Exercise material:

-- Opening Marker --

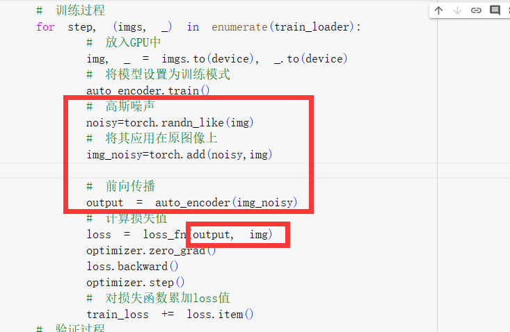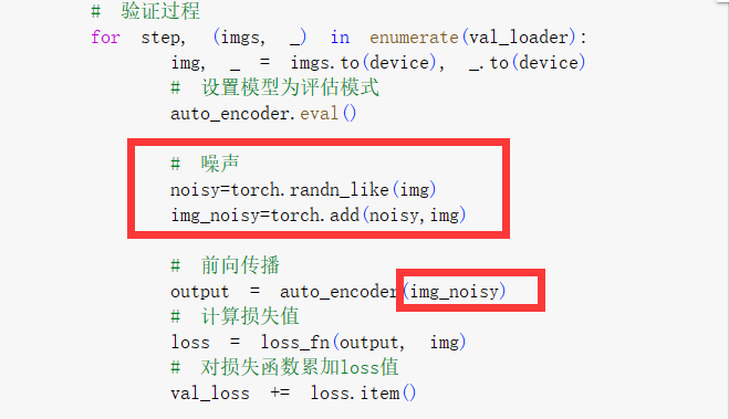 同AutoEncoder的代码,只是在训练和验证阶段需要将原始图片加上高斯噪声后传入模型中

-- Closing Marker --
-- Opening Marker --

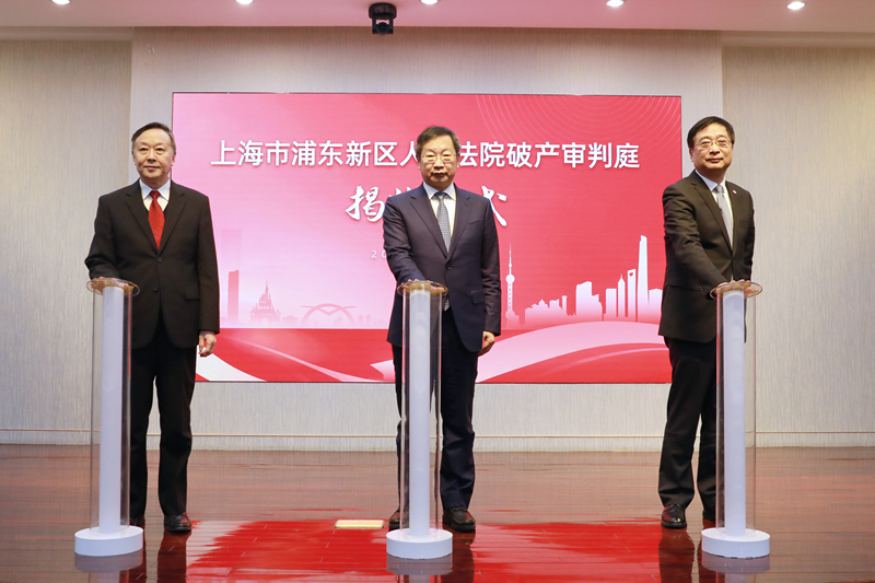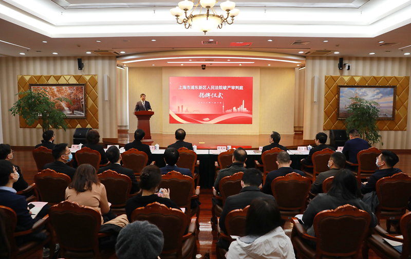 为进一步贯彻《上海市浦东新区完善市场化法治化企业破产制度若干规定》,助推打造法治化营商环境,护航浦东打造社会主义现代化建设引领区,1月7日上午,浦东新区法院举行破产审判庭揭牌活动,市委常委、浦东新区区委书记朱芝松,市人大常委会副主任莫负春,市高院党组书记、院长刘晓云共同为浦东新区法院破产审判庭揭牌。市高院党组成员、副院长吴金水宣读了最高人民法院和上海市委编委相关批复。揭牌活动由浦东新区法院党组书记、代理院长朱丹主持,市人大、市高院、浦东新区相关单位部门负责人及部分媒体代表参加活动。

-- Closing Marker --
-- Opening Marker --

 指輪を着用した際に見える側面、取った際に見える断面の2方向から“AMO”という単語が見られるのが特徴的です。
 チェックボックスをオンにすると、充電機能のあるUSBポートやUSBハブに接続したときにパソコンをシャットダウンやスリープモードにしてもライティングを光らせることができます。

-- Closing Marker --

All that is wanted is the stretch of lines above from the one containing "指輪を着用した際に見える側面" through the one containing "チェックボックスをオンにする", duplicated exactly.

 指輪を着用した際に見える側面、取った際に見える断面の2方向から“AMO”という単語が見られるのが特徴的です。
 チェックボックスをオンにすると、充電機能のあるUSBポートやUSBハブに接続したときにパソコンをシャットダウンやスリープモードにしてもライティングを光らせることができます。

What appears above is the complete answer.